Iker Unzueta

Personal information
- Full name: Iker Unzueta Arregui
- Date of birth: 4 August 1998 (age 27)
- Place of birth: Abadiño, Spain
- Height: 1.81 m (5 ft 11 in)
- Position: Forward

Team information
- Current team: Mirandés

Youth career
- Abadiño

Senior career*
- Years: Team / Apps / (Gls)
- 2017–2019: Durango B
- 2018–2020: Durango / 45 / (5)
- 2020–2022: Amorebieta / 51 / (8)
- 2022–2023: Logroñés / 37 / (13)
- 2023–2024: Vizela / 2 / (0)
- 2024: → Amorebieta (loan) / 20 / (5)
- 2024–2025: Huesca / 26 / (1)
- 2025–2026: Lugo / 37 / (11)
- 2026–: Mirandés / 0 / (0)

= Iker Unzueta =

Spanish footballer

Iker Unzueta Arregui (born 4 August 1998) is a Spanish professional footballer who plays as a forward for CD Mirandés.

==Club career==
Born in Abadiño, Biscay, Basque Country, Unzueta joined SCD Durango in 2017, from hometown side Abadiño KE. Initially assigned to the reserves in the regional leagues, he also appeared in four matches for the first team during the campaign, achieving promotion from Tercera División.

Unzueta was definitely promoted to the first team in July 2019, after Durango's relegation back to the fourth tier.

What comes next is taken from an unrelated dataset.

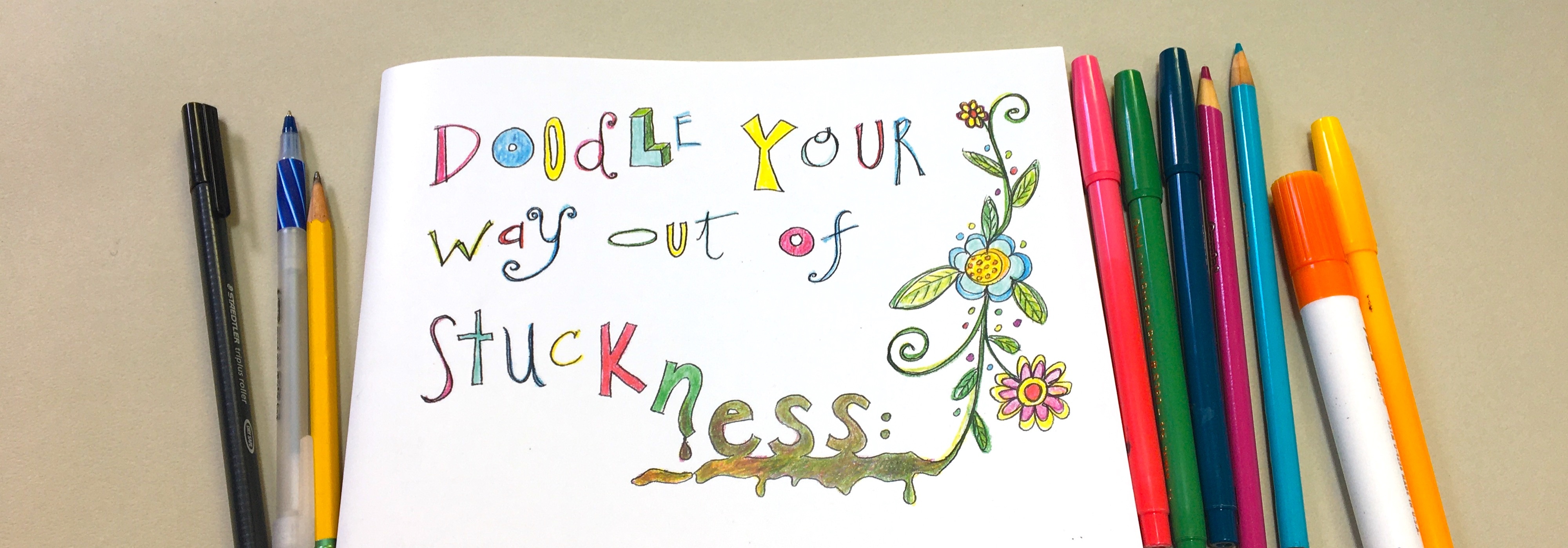 Pam’s mural work prompted her to seek out doodling instruction. She had struggled with imagination-to-paper fluency and admired those who could “magically” conjure designs out of their pens. đđ She came to appreciate the value of doodling so much that in 2020 she wrote a book called Doodle Your Way Out of Stuckness.

Roughly one year later, he signed for Segunda División B side SD Amorebieta, featuring regularly as his side achieved a first-ever promotion to Segunda División at the end of the season.

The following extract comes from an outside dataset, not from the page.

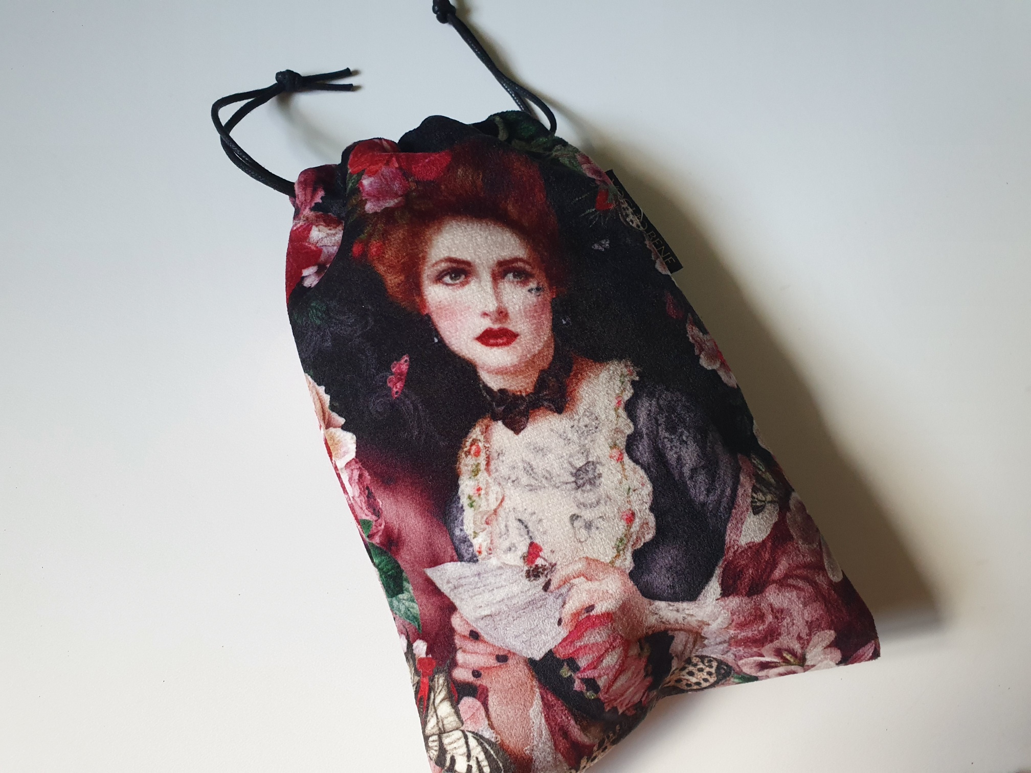Ein kleiner Velourbeutel für Geheimnisse…für Tarot-Karten, Briefe oder Schmuck. Der Beutel ist 19x13cm groß mit einer Kordel zum zuziehen.

Unzueta made his professional debut on 14 August 2021, starting in a 0–2 away loss against Girona FC. He scored his first professional goal on 3 November, netting his team's third in a 4–1 home routing of Real Valladolid.

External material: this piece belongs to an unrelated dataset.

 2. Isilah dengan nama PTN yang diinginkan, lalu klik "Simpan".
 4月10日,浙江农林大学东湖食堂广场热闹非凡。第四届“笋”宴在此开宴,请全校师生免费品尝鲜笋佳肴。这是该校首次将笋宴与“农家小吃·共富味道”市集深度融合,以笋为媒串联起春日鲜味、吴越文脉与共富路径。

In August 2022, Unzueta signed for Primera Federación club SD Logroñés. He scored a career-best 13 goals during the campaign, as his side finished ninth.

On 3 June 2023, Primeira Liga side FC Vizela announced the signing of Unzueta on a two-year contract. In January 2024, he returned to Amorebieta on loan until the end of the season.

On 28 August 2024, Unzueta agreed to a two-year deal with SD Huesca also in the second division. He was released by the club the following 12 August, and signed for third division side CD Lugo just hours later.

On 15 July 2026, Unzueta moved to CD Mirandés also in division three on a one-year contract.